En uno de los discursos recogidos en el libro “…y dominad la tierra”, nuestro reciente Beato Enrique Shaw afirma: “Para aquellos que deben dirigir a otros, ninguna cualidad es más firmemente necesaria que el autocontrol. Catón, el estricto cónsul romano, dijo sucintamente: el peor gobernante es aquel que no puede gobernarse a sí mismo.”
Una vez más, Enrique condensa un mensaje de gran profundidad del pensamiento clásico en una premisa de gestión: nadie puede mandar bien si no logra, primero, gobernarse a sí mismo. El liderazgo no comienza en la autoridad formal ni en el conocimiento técnico sino en el dominio interior. A esta virtud los clásicos la denominaron autarquía.
En Aristóteles, la autarquía (autarkeia) implica una suficiencia interior y exterior. Es la capacidad de sostenerse a uno mismo en el orden del alma. En este sentido la ubica ccomo condición necesaria para la felicidad porque sólo quien no está sometido a sus pasiones, miedos o vaivenes puede desarrollar la potencialidad de su naturaleza. Sólo quien está libre de las sujeciones internas o externas de la vida puede ejercer una verdadera autoridad en el liderazgo.
No se trata, solamente, de la autarquía como virtud moral aunque también (un jefe que tiene problemas de adicciones o una vida desordenada jamás podrá infundir respeto en su equipo). Se trata también del ejercicio de esta virtud en el orden cotidiano. El líder que no logra contenerse transmite inevitablemente lo que no ha sabido ordenar dentro suyo. Si está frustrado, contagia frustración. Si está enojado, el enojo se filtra en sus gestos, en el tono, en sus decisiones. Si atraviesa problemas personales los depositará, aunque no quiera, sobre su equipo.
La falta de autarquía engendra líderes erráticos: días buenos y días malos, climas imprevisibles, reacciones desproporcionadas. Se confunden problemas con soluciones, se dramatizan obstáculos, se vive en una tensión permanente. El equipo nunca sabe “desde dónde” viene el líder, y eso erosiona la confianza más que cualquier error técnico.

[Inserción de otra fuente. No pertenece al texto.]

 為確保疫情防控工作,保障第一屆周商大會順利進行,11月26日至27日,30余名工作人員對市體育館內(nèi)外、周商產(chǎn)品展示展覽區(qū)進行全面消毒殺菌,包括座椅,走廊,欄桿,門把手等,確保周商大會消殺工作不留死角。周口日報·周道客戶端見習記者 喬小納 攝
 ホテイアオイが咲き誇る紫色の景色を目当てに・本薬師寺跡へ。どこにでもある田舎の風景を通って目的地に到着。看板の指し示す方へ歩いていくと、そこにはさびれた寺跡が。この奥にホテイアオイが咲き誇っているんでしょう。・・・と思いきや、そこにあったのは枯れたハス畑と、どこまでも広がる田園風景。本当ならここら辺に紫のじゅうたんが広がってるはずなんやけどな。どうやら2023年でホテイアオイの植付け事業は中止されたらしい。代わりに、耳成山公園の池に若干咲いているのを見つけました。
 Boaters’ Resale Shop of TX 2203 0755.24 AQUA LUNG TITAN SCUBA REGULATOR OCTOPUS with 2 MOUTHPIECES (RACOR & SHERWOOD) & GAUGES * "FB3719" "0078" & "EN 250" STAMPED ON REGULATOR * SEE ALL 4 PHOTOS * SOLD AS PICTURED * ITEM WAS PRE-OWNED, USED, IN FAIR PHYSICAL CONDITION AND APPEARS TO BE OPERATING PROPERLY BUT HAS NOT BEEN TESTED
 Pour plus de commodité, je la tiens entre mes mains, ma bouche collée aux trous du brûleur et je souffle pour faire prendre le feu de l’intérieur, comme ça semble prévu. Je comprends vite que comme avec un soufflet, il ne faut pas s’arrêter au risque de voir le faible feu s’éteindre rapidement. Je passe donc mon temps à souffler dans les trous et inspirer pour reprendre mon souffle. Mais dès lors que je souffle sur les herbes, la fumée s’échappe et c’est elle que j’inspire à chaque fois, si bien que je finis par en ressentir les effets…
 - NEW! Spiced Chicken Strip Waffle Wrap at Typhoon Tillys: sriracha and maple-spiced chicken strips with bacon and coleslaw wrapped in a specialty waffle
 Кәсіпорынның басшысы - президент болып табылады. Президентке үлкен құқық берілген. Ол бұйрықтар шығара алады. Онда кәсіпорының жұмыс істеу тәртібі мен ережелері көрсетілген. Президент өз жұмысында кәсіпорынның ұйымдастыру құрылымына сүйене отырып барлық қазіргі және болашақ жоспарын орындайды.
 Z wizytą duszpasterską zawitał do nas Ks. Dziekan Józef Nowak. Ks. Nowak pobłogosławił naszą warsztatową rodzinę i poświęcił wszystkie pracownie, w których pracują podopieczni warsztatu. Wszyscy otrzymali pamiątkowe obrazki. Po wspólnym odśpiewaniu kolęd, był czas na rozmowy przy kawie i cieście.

La autarquía, en cambio, permite algo esencial: separar lo personal de lo común, lo emocional de lo operativo, el problema del camino para resolverlo. El líder autárquico no niega sus emociones pero sabe gobernarlas. No las reprime, las ordena. Por eso puede sostener una cierta estabilidad interior aún en contextos adversos.
Enrique en sus notas menciona muchas veces la necesidad de mostrarse alegre con los colaboradores. La alegría del líder no es un rasgo del carácter sino que es fruto del gobierno interior. Estar alegre (no de un modo superficial sino desde la serenidad) es una forma de tratar bien a los demás. Es crear un “hábitat”, es crear un clima. No se trata de hacer como que todo está bien o que no existen los problemas sino que esos temas o problemas no van a afectar nuestra manera de ejercer el liderazgo.

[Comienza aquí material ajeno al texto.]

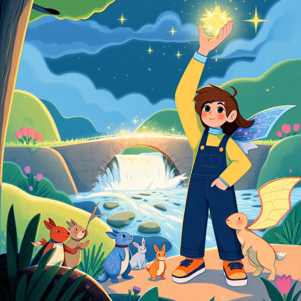 As [Lily](T62W4FK5) slipped the bracelet onto her wrist, a comfortable warmth spread through her arm. Suddenly, the room sparkled, and she found herself standing in a vibrant, magical forest!
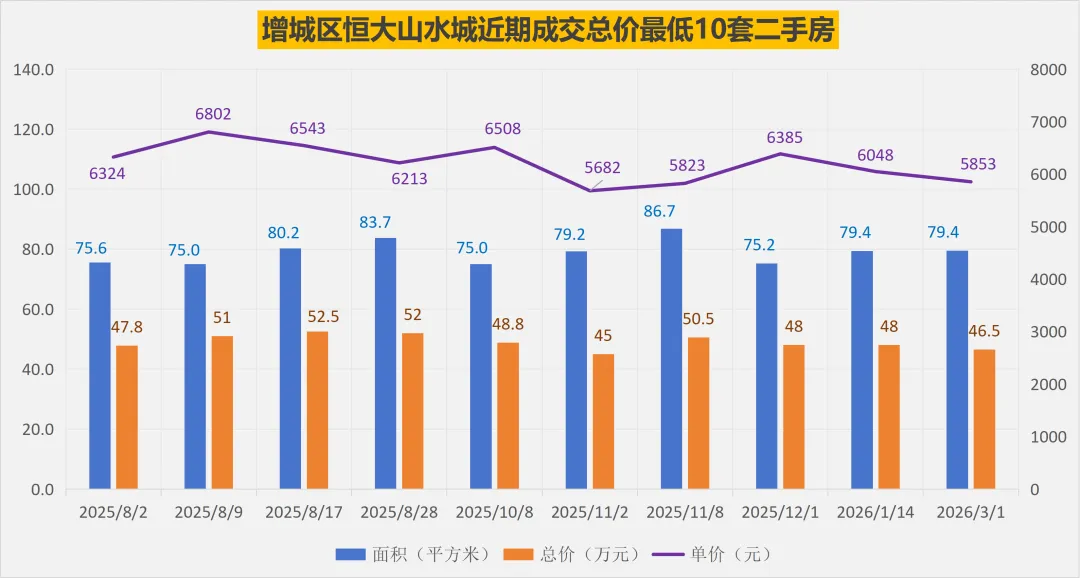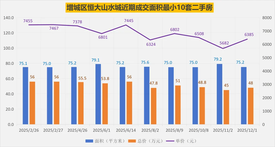 恒大山水城近期成交面积比较小的10套二手房,平均面积76.0平米,平均总价51.8万元,平均单价6818元/平米。
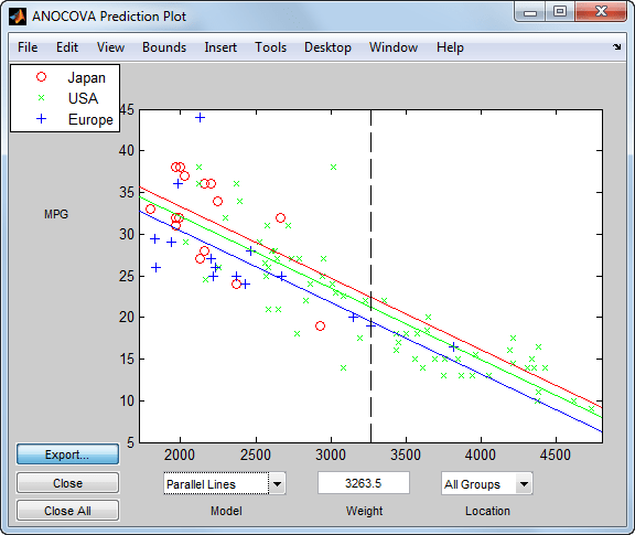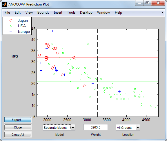 Эти выходные данные показывают, что если вы не включаете Weight в модели существуют довольно большие различия в ожидаемых милях на галлон среди трех производственных местоположений. При этом модель не корректируется на десятилетие производства.

Desde esta perspectiva la autarquía cobra una dimensión práctica y cotidiana. Se revela en la capacidad de no descargar tensiones, de no gobernar desde el estado de ánimo, de no usar el poder como válvula de escape. Es, en definitiva, una forma de caridad cotidiana.
Platón también insistía en la idea de que el alma debe estar ordenada para poder
gobernar. Esa imagen del alma ordenada es el modelo de todo liderazgo sano.
Esta idea también se encuentra en la Doctrina Social de la Iglesia al afirmar que
gobernar es, ante todo, una responsabilidad moral. En el Compendio se enseña que
quienes ejercen autoridad deben hacerlo desde una conciencia formada y un dominio
de sí que los hagas capaces de servir al Bien Común.
La autarquía es, en resumen, la libertad interior puesta al servicio de los otros. Es por eso que el verdadero liderazgo no nace de un puesto o una posición sino del fatigoso ejercicio de gobernarse a uno mismo.